**WORK TASK**
Reproduce the section of the listing that begins at the line containing "In a culminating" and finishes at the line containing "リベルテ 財布 長財布". Include both end lines and nothing beyond them.

**DATA FOR PROCESSING**
########################################

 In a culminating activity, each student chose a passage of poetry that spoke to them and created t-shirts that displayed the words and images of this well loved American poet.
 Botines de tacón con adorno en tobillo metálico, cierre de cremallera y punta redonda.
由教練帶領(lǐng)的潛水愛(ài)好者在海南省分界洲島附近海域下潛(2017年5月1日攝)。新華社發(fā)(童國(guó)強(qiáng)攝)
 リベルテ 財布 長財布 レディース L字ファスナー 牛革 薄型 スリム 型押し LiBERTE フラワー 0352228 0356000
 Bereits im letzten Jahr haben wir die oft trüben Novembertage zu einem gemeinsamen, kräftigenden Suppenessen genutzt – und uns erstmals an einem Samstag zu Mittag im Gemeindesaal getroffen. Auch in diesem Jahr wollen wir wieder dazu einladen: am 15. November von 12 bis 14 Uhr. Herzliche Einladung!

########################################

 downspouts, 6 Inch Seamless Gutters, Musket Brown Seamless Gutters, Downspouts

########################################

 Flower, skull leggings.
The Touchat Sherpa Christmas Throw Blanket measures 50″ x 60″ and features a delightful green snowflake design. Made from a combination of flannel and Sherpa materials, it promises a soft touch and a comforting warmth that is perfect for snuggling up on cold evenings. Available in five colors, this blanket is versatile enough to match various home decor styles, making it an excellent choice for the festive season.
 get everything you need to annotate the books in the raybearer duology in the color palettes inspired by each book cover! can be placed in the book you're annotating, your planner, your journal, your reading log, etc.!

########################################

**EXERCISE RESPONSE**
 In a culminating activity, each student chose a passage of poetry that spoke to them and created t-shirts that displayed the words and images of this well loved American poet.
 Botines de tacón con adorno en tobillo metálico, cierre de cremallera y punta redonda.
由教練帶領(lǐng)的潛水愛(ài)好者在海南省分界洲島附近海域下潛(2017年5月1日攝)。新華社發(fā)(童國(guó)強(qiáng)攝)
 リベルテ 財布 長財布 レディース L字ファスナー 牛革 薄型 スリム 型押し LiBERTE フラワー 0352228 0356000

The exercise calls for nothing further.